Children’s Homes and School Exclusion: Redefining the Problem

    By Isabelle Brodie.

    Jessica Kingsley Publishers


    ISBN 185302 943 2

    Children in public care are 10 times more vulnerable to
    exclusion than those living with their own families. Any realistic
    hope of meeting the Quality Protects targets of greater stability
    and bringing educational outcomes for looked-after children closer
    to those of children generally must depend on keeping them in
    mainstream schooling. Yet effective ways of avoiding exclusion seem
    persistently elusive.

    This timely book offers a sociological and historical analysis
    of the problem, providing a frame for a detailed qualitative study
    of 17 boys in residential care who were excluded. All had suffered
    stressful experiences, including severe abuse, in their family
    lives and their fragmented care careers had led to many changes of
    school. The familiar themes of disrupted learning, ill-prepared
    placements and poor communication recur in their histories.

    Isabelle Brodie shows that exclusion is seldom an event but more
    often a complex process by which a consensus develops among a group
    of professionals and carers that the child cannot be contained in
    mainstream school. Well-meaning actions, such as withdrawing
    children from the classroom when they show signs of stress, may
    contribute to the inevitable.

    Residential carers and social workers, Brodie suggests, are too
    ready to assume that the school’s version of events is the whole
    story. They often respond to suspensions and exclusions with
    acquiescence when what the child needs is vigorous advocacy.

    This excellent book will be of interest to anyone who is
    concerned to improve educational opportunities for young people in
    care and is essential reading for designated teachers and
    educational psychologists.
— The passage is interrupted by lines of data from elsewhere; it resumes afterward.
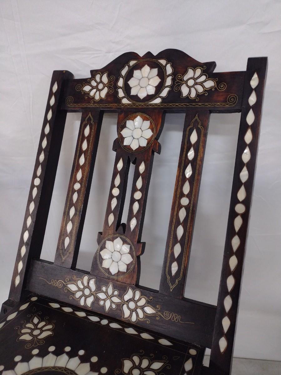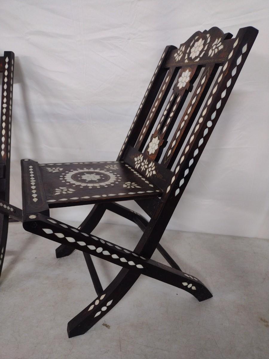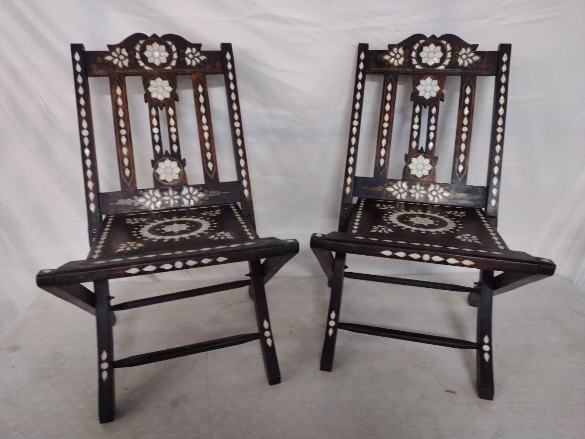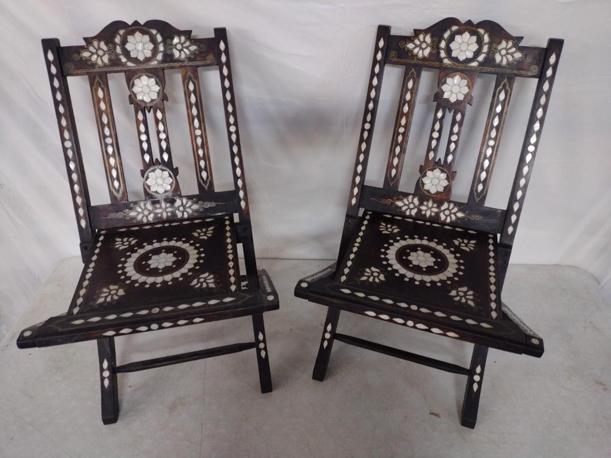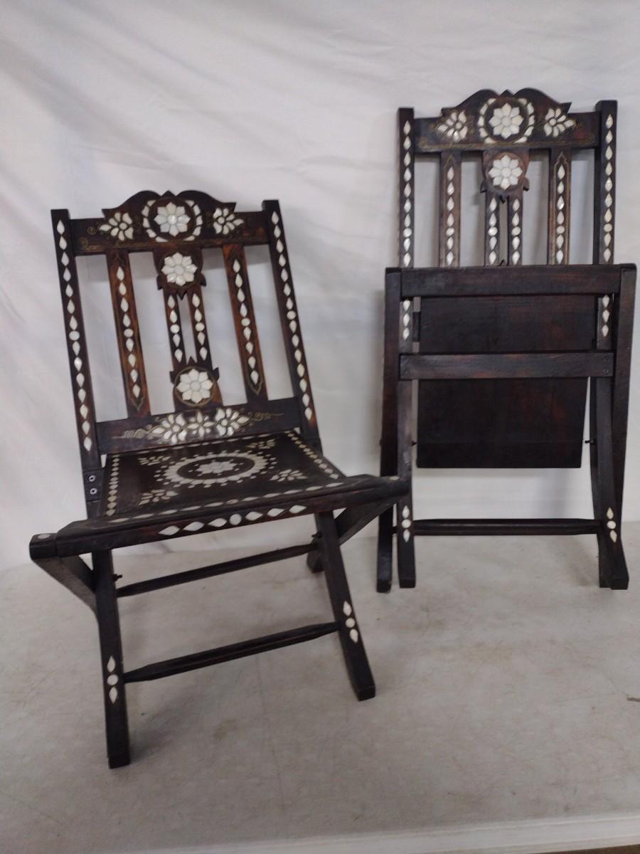 Pair of Egyptian Mahogany Finish Mother of Pearl Inlay Folding Chairs Lotus Flower Theme Design Accents
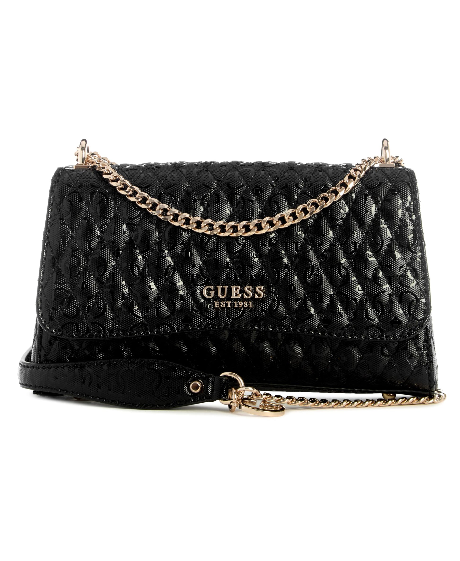 GUESS Black Quilted Polyurethane Betula Convertible Crossbody Bag
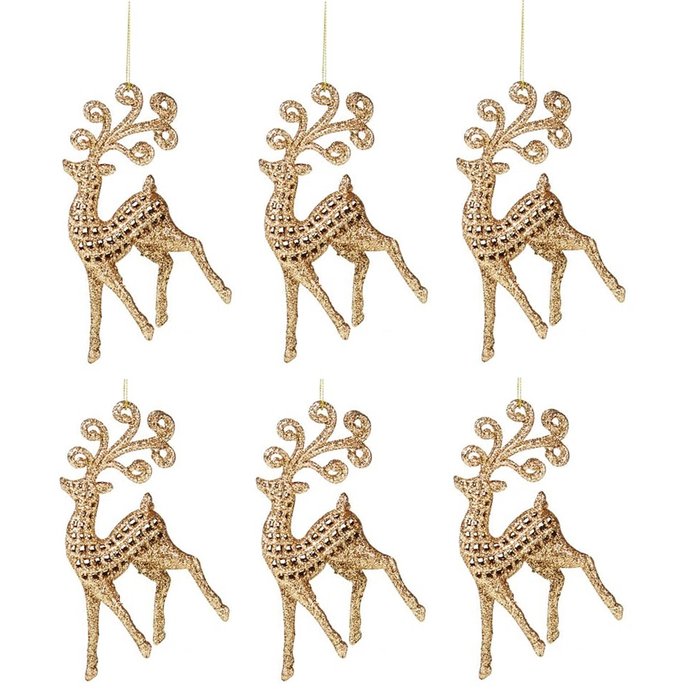 Kit Rena Elegante Natal Gliter Dourado Pendente 13cm 6 Peças Enfeite Árvore - Master Christmas
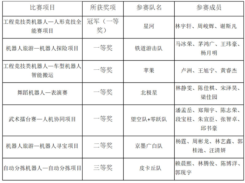 10月15日,由中国自动化学会主办的2023中国机器人大赛(China Robot Competition)总决赛在福建晋江闭幕。av在线 电气工程系学子在比赛中共获得一等奖5项(含冠军1项)、二等奖1项、三等奖1项。其中,工程竞技类人形竞技全能赛项目实现二连冠。
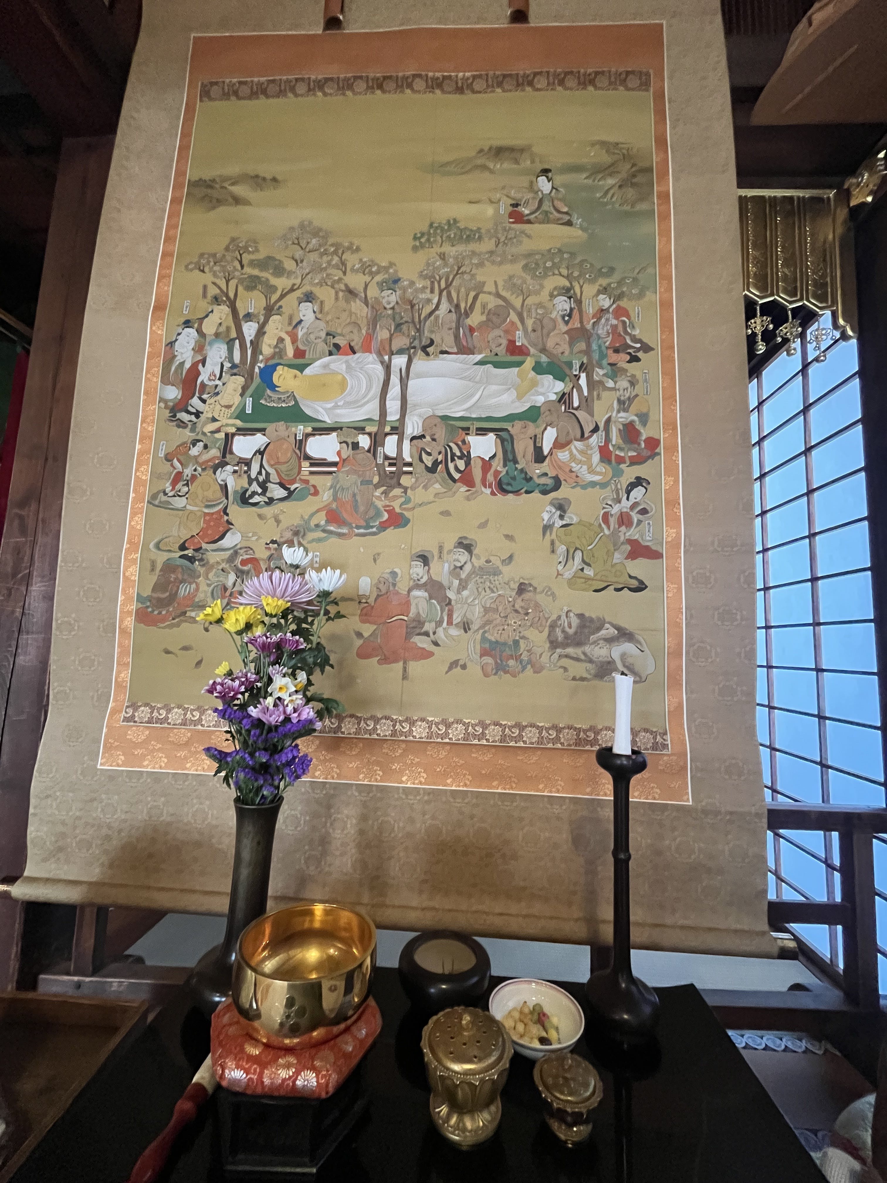 涅槃会のお勤めは、満福寺の本堂でお釈迦が亡くなられたことを偲ぶお勤めであり、幼児組の子どもたちと一緒にお勤めをしました。
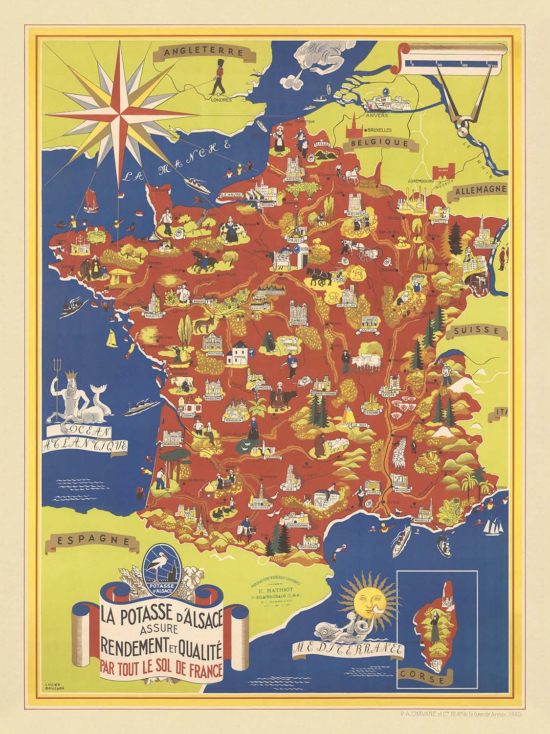 Entrez dans le monde vibrant de la cartographie française du milieu du siècle avec "La Potasse D'Alsace Assure Rendement et Qualite Par Tout Le Sol De France," une carte picturale captivante réalisée par l'artiste célèbre Lucien Boucher en 1950. Cette œuvre est plus qu'une carte—c'est un manifeste visuel, louant l'abondance agricole apportée par la potasse renommée d'Alsace. Le titre français original, élégamment affiché dans une bannière décorative, encapsule l'optimisme de la France d'après-guerre, lorsque l'innovation scientifique et la fierté régionale convergeaient pour promettre abondance et renouveau à travers les sols fertiles de la nation.
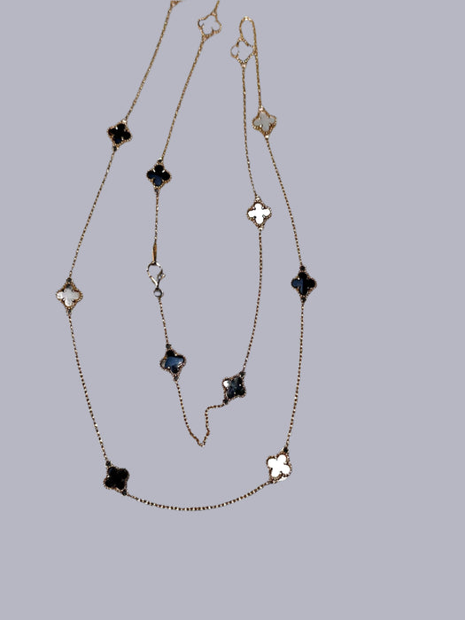 18k Gold Clover Necklace With Mother of Pearl and Onyx , 13 Motifs 32in Necklace
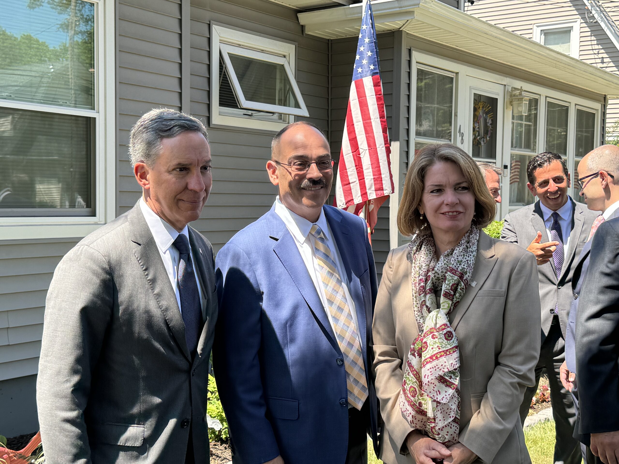 Standing in front of a residential Floral Park home, alongside governmental leaders from all over Nassau County, North Hempstead Town Supervisor Jennifer DeSena joined Town of Hempstead Supervisor Don Clavin to announce a joint petition against the Federal Aviation Administration (FAA) on behalf of residents living near airports who are contending with low-flying planes, deafening air traffic noise, air pollution, and other aeronautical disturbances.

It offers a valuable insight into the
    systemic nature of a problem that is too often attributed to the
    emotional and behavioural difficulties of individual children.

    Sonia Jackson is research professor, University of Wales
    Swansea and editor of Nobody Ever Told Us School Mattered:
    Raising the Educational Attainments of Children in Care

    (British Agencies for Adoption and Fostering, 2001)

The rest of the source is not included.